Historical aspects and “-OMICS” Technology
Genomics is a discipline in genetics concerning the study of the genomes of organisms. The field includes intensive efforts to determine the entire DNA sequence of organisms and fine-scale genetic mapping efforts.[5]
Another technology is known as proteomics gaining much attention now days. The most important tools here are microarrays and bioinformatics. Study of the full set of proteins in a cell type or tissue, and the changes during various conditions, is called proteomics. PROTEOMEX, representing a combination of proteomics and serology which is most widely used in the bio-marker’s discovery. As the proteome is dynamic unlike genome which depends on the tissue, cell type and environmental factors. Thus, genomic approaches alone are insufficient to investigate the causative mechanism underlying disease.[6] In short scientific, economic, and social circumstances all indicate that “tailor-made” medicine is likely the way of the future. Personalised medicine is defined as: ‘the capacity to predict disease development and influence decisions about lifestyle choices or to tailor medical practice to an individual’.[7]

Metagenomics:
The microbiome is a complex community of Bacteria, Archaea, Eukarya, and viruses that infect humans and live in our tissues. It contributes the majority of genetic information to our metagenome and, consequently, influences our resistance and susceptibility to diseases, especially common inflammatory diseases, such as type 1 diabetes, ulcerative colitis, and Crohn’s disease. Here we discuss how host-gene-microbial interactions are major determinants for the development of these multifactorial chronic disorders and, thus, for the relationship between genotype and phenotype. We also explore how genome-wide association studies (GWAS) on autoimmune and inflammatory diseases are uncovering mechanism-based subtypes for these disorders. Applying these emerging concepts will permit a more complete understanding of the etiologies of complex diseases and underpin the development of both next-generation animal models and new therapeutic strategies
for targeting personalized disease phenotypes.[8]


Biomarkers
Advances in studies of protein–protein interactions, protein expression profiling, annotated proteomics databases, and sophisticated protein function methodologies will no doubt provide an increasing spectrum of biomarker and therapeutic candidates. The biomarkers obtained by this technological intervention are classified in to three classes:

DNA biomarker
Mutations in oncogenes, tumor suppressor genes, and mismatch-repair genes can serve as DNA biomarkers.Promoter region methylation of MGMT, an enzyme that reverses 5-guanine alkylation, predicts the response or resistance of tumors to nitrosourea alkylating agents.[9]

RNA biomarker
RNA biomarkers include differences in the transcription levels, or RNA molecules that take part in regulation. Pattern based RNA expression analysis of clinical breast cancers has identified previously unknown molecular subtypes.[2, 9]

Protein biomarker
Not protein quantity but its function can be utilized as marker.Single RNA markers in tumor classification, prognosis or prediction of response to therapy, protein-based ‘fingerprints’ may outperform individual protein markers.[2, 9]

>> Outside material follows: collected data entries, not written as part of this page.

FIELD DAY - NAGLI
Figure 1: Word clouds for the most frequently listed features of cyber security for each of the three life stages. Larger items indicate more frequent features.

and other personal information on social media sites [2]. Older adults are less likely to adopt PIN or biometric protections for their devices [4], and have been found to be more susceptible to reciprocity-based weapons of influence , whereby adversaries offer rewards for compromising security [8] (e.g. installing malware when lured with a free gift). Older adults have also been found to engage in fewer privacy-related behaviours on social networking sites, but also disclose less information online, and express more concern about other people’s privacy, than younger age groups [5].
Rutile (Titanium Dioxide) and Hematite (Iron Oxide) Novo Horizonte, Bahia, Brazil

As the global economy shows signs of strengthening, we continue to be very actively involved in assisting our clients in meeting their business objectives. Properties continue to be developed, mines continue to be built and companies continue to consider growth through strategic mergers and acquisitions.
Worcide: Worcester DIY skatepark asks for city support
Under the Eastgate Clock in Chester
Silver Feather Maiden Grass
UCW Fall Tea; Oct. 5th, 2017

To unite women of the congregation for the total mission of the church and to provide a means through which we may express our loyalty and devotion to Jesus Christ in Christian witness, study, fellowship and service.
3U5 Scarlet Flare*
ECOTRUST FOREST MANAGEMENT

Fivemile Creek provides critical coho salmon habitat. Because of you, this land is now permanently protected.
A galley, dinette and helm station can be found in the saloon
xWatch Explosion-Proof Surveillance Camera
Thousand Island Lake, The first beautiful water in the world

Personalized Drug Discovery:
If the hypothesis is extended backward into the drug discovery phase where researchers administer drugs to tumor derived human cell lines, it suggests that only a small fraction of the cell lines would respond to any given drug. Many drugs could be getting ruled out unnecessarily as inactive before they even reach the clinic. An ideal human tumor cell line profiling panel should consist of between 2,000 and 6,000 cell lines. However, there are only between 1,500 and 2,000 tumor-derived cell lines available in total today. It is also important to detail the molecular pathways through which a drug halts a tumor in order to identify new targets once the cancer becomes resistant to the drug in patients.  ‘‘Every patient is making a sacrifice in order to participate in these trials, especially when a drug is entirely experimental and we have no evidence the drug is going to work,’’ says Mellman. ‘‘We have to recognize that as a sacred trust.’’[10]

Future perspectives:
Our current understanding of genetic variability does not yet allow us to fully interpret the outcomes of specific drug treatment, in particular for common diseases. The reasons for this are:
- The pathogenesis of most diseases is polygenic in nature
- Most drugs exert their actions or effects in a multigenetic manner

There are complex interactions between the genes, disease, environment, drugs, and even pathogens (such as viruses, bacteria, parasites and tumor cells)[10-13]

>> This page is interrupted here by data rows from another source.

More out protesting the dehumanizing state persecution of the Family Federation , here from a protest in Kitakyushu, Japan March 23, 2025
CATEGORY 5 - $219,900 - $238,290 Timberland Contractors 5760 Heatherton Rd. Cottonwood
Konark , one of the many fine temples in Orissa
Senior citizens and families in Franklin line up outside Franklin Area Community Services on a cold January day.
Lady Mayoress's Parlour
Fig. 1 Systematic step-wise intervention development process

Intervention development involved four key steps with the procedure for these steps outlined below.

Applications of tailor made Medicine:
Tailor made Medicine can be used as predictive medicine or in treatment optimization.[14] Tailor made Medicinecan facilitate disease prediction, prevention and treatment strategies by:
- determining if someone is at increased risk of developing a disease, followed by promotion of and support for compliance with available prevention strategies;
- diagnosing disease earlier in development using optimal surveillance, thereby allowing more effective interventions or treatment options;
- enhancing therapeutic efficacy by ensuring the most appropriate drug is used and that the dosing regimen takes into consideration any genetic variants, which may influence metabolism of the drug; and
- avoiding preventable drug related complications and side effects resulting from generic “one size fits all” drug prescribing.[15]

Barriers to progress in personalized care [6, 15-17]
As mentioned earlier in this manuscript that the –omics technologies are in emerging phase and have to pass many barrier before it actually commercialized.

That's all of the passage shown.